The wireless operation of the headsets provided the first clue. The pressing of the reset button followed by the scan button to get the audio from the transmitter meant that the communication was FM. It also followed that the frequency in use was lower than the normal FM frequency band as the audio was heard immediately after the first scan button press.

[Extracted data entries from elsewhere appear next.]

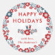 Modern Red & Blue Christmas Wreath Happy Holidays Classic Round Sticker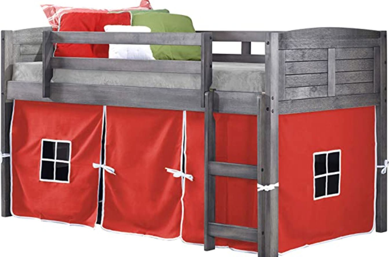 KIDS Louver Low Loft Bed with Camo Tent, Twin, Antique Grey
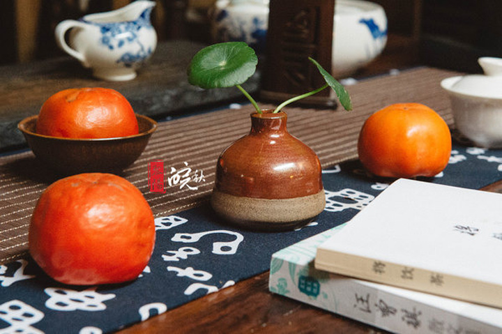 厅堂的茶几上,三只红色的柿子显得特别养眼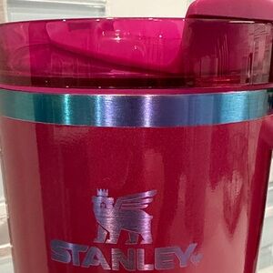40 Oz berry pink Stanley tumbler with a comfortable handle. Sleek and durable design.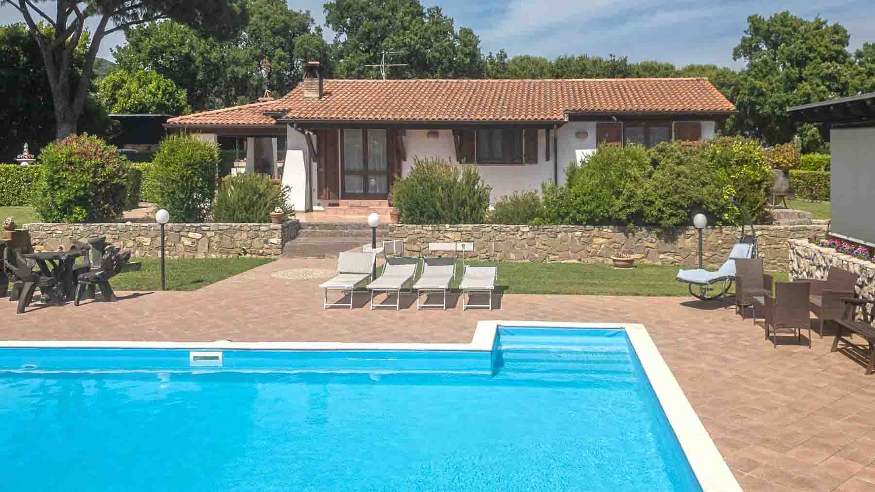 Tucked away amidst the serene greenery of Castiglione della Pescaia, this exquisite property is a sanctuary of elegance and tranquility. As you approach, the gentle rustle of leaves and the soft chirping of birds create a symphony that invites you into a world of peace. The scent of blooming flowers mingles with the crisp, fresh air, painting a picturesque setting. Spanning an impressive 280 square meters, this luxurious residence offers six beautifully appointed rooms and four opulent bathrooms. The light-colored exterior and gabled roof exude charm, while the covered porch provides a welcoming entrance. The property is a haven for nature lovers, featuring a private garden where meticulously maintained hedges and lush grass create an oasis of calm. The centerpiece is a stunning private pool, perfect for refreshing swims on warm days. Additional features include a garage or carport and a charming stone barbecue area, ideal for entertaining. Located in the idyllic countryside of Grosseto, this home embodies the essence of relaxed, luxurious living. Imagine waking up to the gentle warmth of the sun streaming through your windows, and stepping outside to sip your morning coffee amid the tranquil surroundings. Afternoons can be spent lounging by the pool, with the scent of the garden enveloping you. As evening falls, the porch becomes a perfect spot to unwind, as the sky transforms into a canvas of colors, offering a spectacle that captivates the senses. This residence is a true jewel in the luxury real estate market, offering a harmonious blend of classic charm and modern amenities. It stands as a testament to refined living, promising an unmatched lifestyle experience.

It was then time to fire up the HackRF One and confirm this. I therefore opened gqrx and tuned to around 87.5MHz. The normal FM band is from 87.5 to 108MHz so I wanted to observe the frequencies just before 87.5MHz. What remained was to connect an audio source to the transmitter and observe what happened on the gqrx display. What was observed is a strong signal peaking at 86.5MHz as shown below:
Tuning to that frequency and listening to the audio output confirmed that it was the audio from the transmitter being received. Further investigation revealed that the receiver had a frequency range from 84Mhz to 108MHz. The makers of the headsets used the fact that most recievers are tuned to only receive 87.5MHz as the lower end frequency. The 86.5MHz the headsets use is therefore not received on normal FM receivers otherwise anyone listening to FM radio could listen in.
This is where the fun begins
It was now time to open up the headphones and transmitter to see what the actual circuit boards looked like. The headphones’ circuit board as expected is just a simple FM receiver that can be tuned to lower frequencies than normal FM receivers. The interesting circuit board is the one from the transmitter. Its input audio source is one of three options: an audio jack, a microphone jack, or an inbuilt microphone. The option to use is selected using a slide switch. The frequency it transmits on is controlled by a trimmer capacitor set in place using epoxy.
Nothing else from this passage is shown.